## Supplied entries
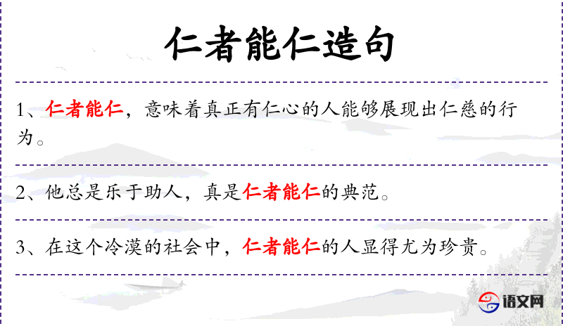 - 不同句式:“仁者不仅具备仁爱之德,更将仁爱融入生活态度。”
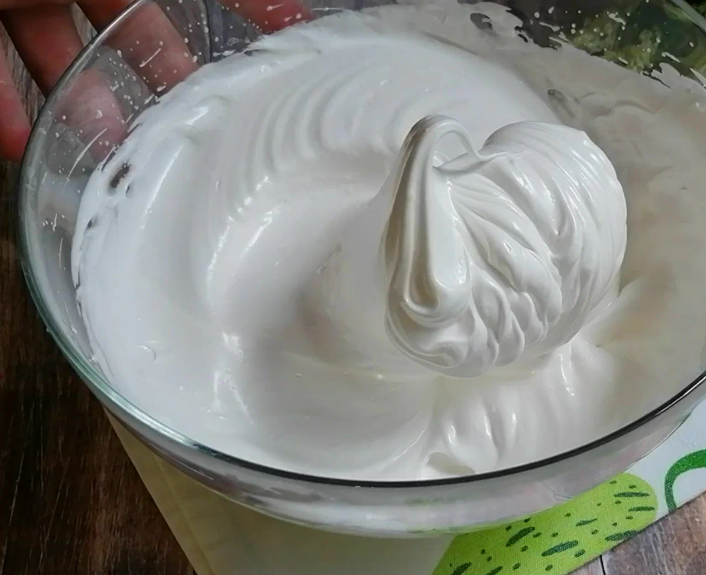 Зверніть увагу, що цукор повинен повністю розчинитися в білках, а маса повинна бути стабільною, якщо перевернути чашу, то збиті білки залишаться на місці.
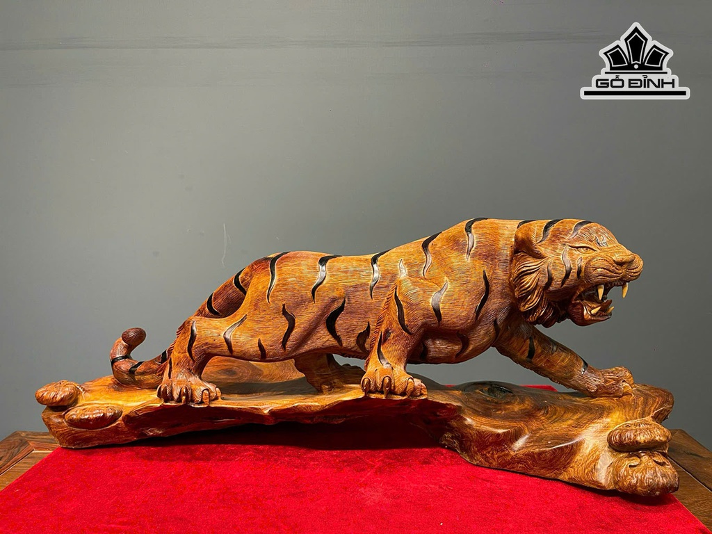 Tượng Hổ Săn Mồi Gỗ Hương Cao 29 Ngang 81 Sâu 30 (cm)
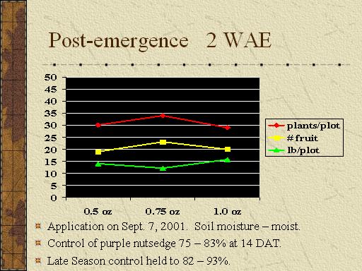 Post-emergence   2 WAE<BR>Application on Sept. 7, 2001.  Soil moisture – moist.
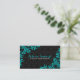 Elegant blue-green floral lace swirls over black floral damasks pattern, business card template. For Event designers, wedding planners
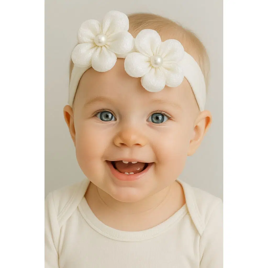 Çift çiçekli inci detaylı bebek saç bandı, bebeğinizin zarif ve sevimli görünümünü tamamlar. Yumuşak ve esnek yapısıyla yenidoğan ve 0-3 yaş arası bebekler için idealdir. İnci süslemeli şık çiçek tasarımı sayesinde doğum günü, baby shower, fotoğraf çekimi, özel gün kutlamaları ve günlük kullanım için mükemmel bir tercihtir. Cildi tahriş etmeyen, nefes alabilen kumaşı sayesinde bebeğinizin hassas cildine dosttur.

## Instructions for the task
Write the data above out exactly. Leave out any pictures.

## Expected answer
 - 不同句式:“仁者不仅具备仁爱之德,更将仁爱融入生活态度。”
 Зверніть увагу, що цукор повинен повністю розчинитися в білках, а маса повинна бути стабільною, якщо перевернути чашу, то збиті білки залишаться на місці.
 Tượng Hổ Săn Mồi Gỗ Hương Cao 29 Ngang 81 Sâu 30 (cm)
 Post-emergence   2 WAE<BR>Application on Sept. 7, 2001.  Soil moisture – moist.
 Elegant blue-green floral lace swirls over black floral damasks pattern, business card template. For Event designers, wedding planners
 Çift çiçekli inci detaylı bebek saç bandı, bebeğinizin zarif ve sevimli görünümünü tamamlar. Yumuşak ve esnek yapısıyla yenidoğan ve 0-3 yaş arası bebekler için idealdir. İnci süslemeli şık çiçek tasarımı sayesinde doğum günü, baby shower, fotoğraf çekimi, özel gün kutlamaları ve günlük kullanım için mükemmel bir tercihtir. Cildi tahriş etmeyen, nefes alabilen kumaşı sayesinde bebeğinizin hassas cildine dosttur.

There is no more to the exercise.